- Cover of the volume

ブラックパラドクス (Burakku Paradokusu)
- Genre: Horror; Science fiction;
- Written by: Junji Ito
- Published by: Shogakukan
- English publisher: NA: Viz Media;
- Magazine: Big Comic Spirits Zōkan Casual (2007–08); YS Special (2008–09);
- Original run: August 15, 2007 – January 24, 2009
- Volumes: 1

= Black Paradox =

Japanese manga series

Black Paradox (ブラックパラドクス, Burakku Paradokusu) is a Japanese manga series written and illustrated by Junji Ito. It was serialized by Shogakukan in Big Comic Spirits Zōkan Casual (2007–2008) and YS Special (2008–2009); its chapters were collected in a single tankōbon volume.

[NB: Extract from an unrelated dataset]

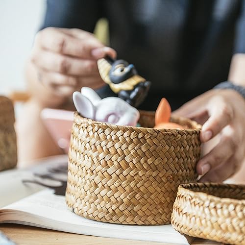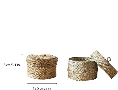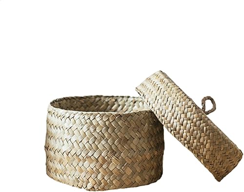 Boite Osier Avec Couvercle, Boîte Ronde En Jonc De Mer, Boîte Ronde En Jonc De Mer Avec Couvercle, Panier En Osier Avec Couvercle Pour Petites, Panier De Rangement En Rotin Avec Couvercle

The story follows four people who meet to attempt a group suicide, but before they can kill themselves, they discover a bizarre phenomenon that could change the course of the world. There are six chapters included in the work, along with two bonus stories, titled The Licking Woman and Mystery Pavilion.

== Plot ==
After meeting each other on a website named Black paradox, four individuals - each using their online pseudonyms - come together to attempt a group suicide. They decide to drive out in a car to a remote location and use the vehicle's exhaust fumes to kill themselves. However, one of the group members, Marousou, runs away when she realizes that all the others are doppelgängers. She eventually meets the real ones in a different car, whose suicide attempt is interrupted by her arrival.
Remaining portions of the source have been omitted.